Now I imagine some of you have already begun your shopping. A few of you have probably already completed your shopping (you wankers). But for the rest of us who live by the manly code, “never put off until tomorrow what you can avoid all together” - allow me to teach you “the way.” For I am a firm believer in the old adage, “give a man a match, and he’ll be warm for a minute, but set that man on fire, and he’ll be warm for the rest of his life.” But, as usual, I digress.

Yes, I write this for you men out there who have great difficulty selecting gifts. I imagine, as Christmas quickly approaches, many of you probably still don’t know what to buy her. Well, do you?

Of course not! Only God knows what she wants and even He isn’t completely sure. She changes her mind so often even a supreme being has trouble keeping up. So, what should you buy the love of your life?

First off, lets start with what the love of your friggin’ craptastic life doesn’t want.

I can guarantee that your woman does not want anything that requires vacuum bags. She also does not want anything that slices or dices. She does not want a perfume that’s called “Garden Fresh” or “Febreze” - even though Febreze does sort of sound French. You’ve probably already established that she doesn’t want anything that smells like you.
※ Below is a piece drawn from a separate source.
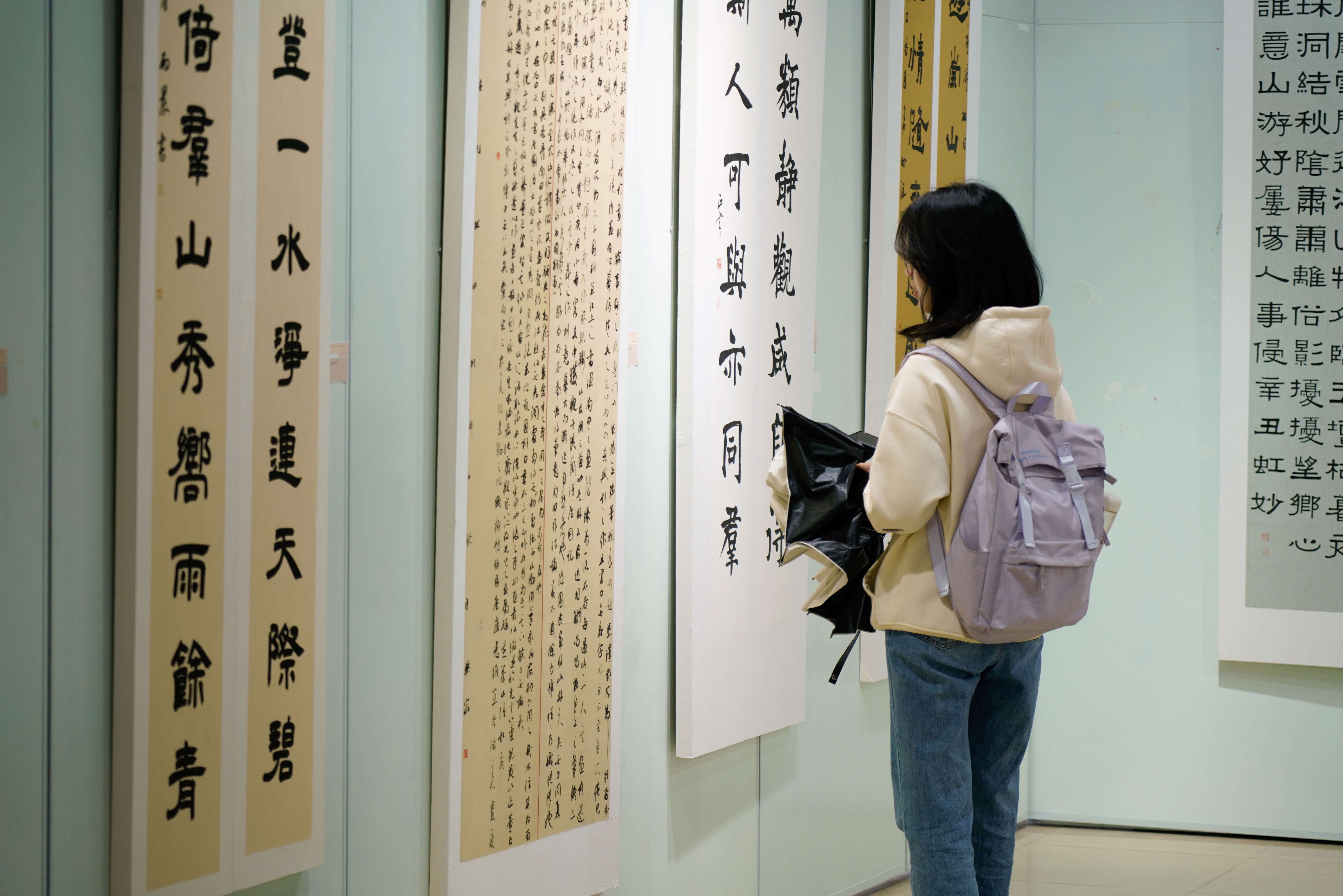在美术学院展厅,有书法篆刻专业同学创作的“兰亭”书法节作品展,展览包括书法作品及篆刻作品两部分,体现了书法篆刻专业同学们创作的积累。其中书法作品56幅,围绕以《兰亭序》为主题的集联或题咏诗展开,诸体兼备,形式多样。

If she did, she wouldn’t always buy you cologne. But like I always say to my wife, if you can’t be kind, at least have the decency to be vague.

DO NOT buy your wife a toaster for Christmas. If you do, plan to leave town. “But honey, it’s a four slicerwill in no way repair the damage a gift toaster can do to a marital relationship.
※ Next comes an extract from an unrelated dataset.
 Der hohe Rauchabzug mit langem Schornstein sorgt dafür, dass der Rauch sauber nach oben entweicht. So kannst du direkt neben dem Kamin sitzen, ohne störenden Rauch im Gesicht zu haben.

In most states and provinces, giving you wife and toaster for Christmas is legal grounds for divorce. Still, Toaster Syndrome is very common this time of year. Many men, in an attempt to please the woman in their life, succumb to the ever-alluring draw of shiny kitchen appliances. This can lead to a Christmas disaster. If you don’t think things can get any worse, it’s probably because you lack sufficient information.

However, should you happen to make this unfortunate mistake, before this thing goes viral, remember, this gift selection must be quickly treated with expensive jewelry and a seriously healthy amount of groveling on Boxing Day. Fortunately, most women will agree that men are entitled to be stupid now and again - mind you, some of us do tend to abuse the privilege.
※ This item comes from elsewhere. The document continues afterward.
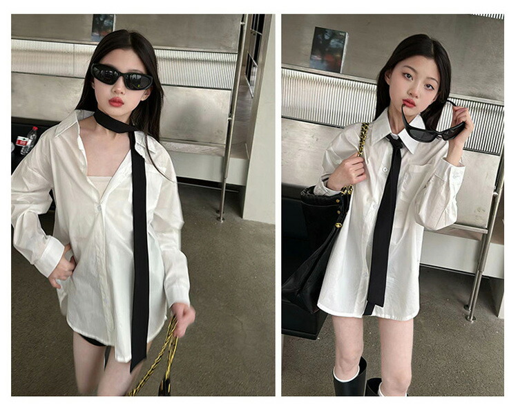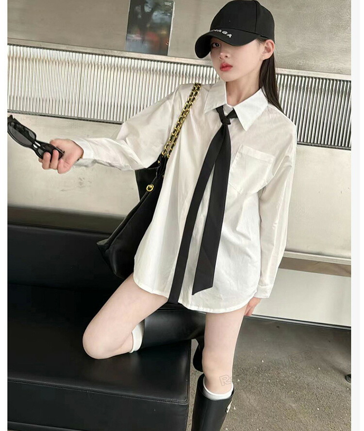 シアースリーブ ドッキングシャツ ボウタイシャツブラウス

Now, if you want your love goddess to remain in your life, relatively free of hostility, here are some helpful tips when deciding what to buy her. If the gift you have in mind for her is dishwasher safe, has a non-stick surface or cool touch handles - your own handles, (if you catch my drift), will likely remain cool during the Christmas season!

If you want to continue living in blissful wedded harmony, her gift should be of the silk, satin, gold, silver and/or precious stone categories. And, if you merely want to remain a living, breathing person, it should not be made of polyester, vinyl, aluminum or anything with a Teflon coating.

So, to further drive home the point guys, A Non-Stick, Aluminum Reinforced, Plastic Cheese Tray With a Handy Polyester Carrying Bag… is a VERY, VERY BAD idea!

So, what does the woman in your life really want?

Well, your Venus in blue jeans probably wants you to buy her something that’s personal. Something that’s a reflection of how well you know her and how you feel about her. (GET HER JEWELRY BONEHEAD!)

Naturally, you’ll be tempted to buy your love goddess a stainless steel oven roaster, but resist the temptation and go for the jewelry counter.

When it comes to Christmas stockings, books, little tins of shortbread, music tapes or candy are nice. You may also want to give some token presents to her family, and this is an inexpensive way to do so. Remember, you do not want to offend her family at Christmas - wait until New Years for that.

But, most important of all, remember, you don’t necessarily have to give extremely expensive gifts to ensure a happy Christmas. If your relationship is based on material possessions and their value, it’s not a relationship - it’s an exercise in wealth re-distribution.

The main thing is men, you must reach inside and give of yourselves - but that doesn’t mean showing up empty handed, wearing nothing but a grin and a Santa hat.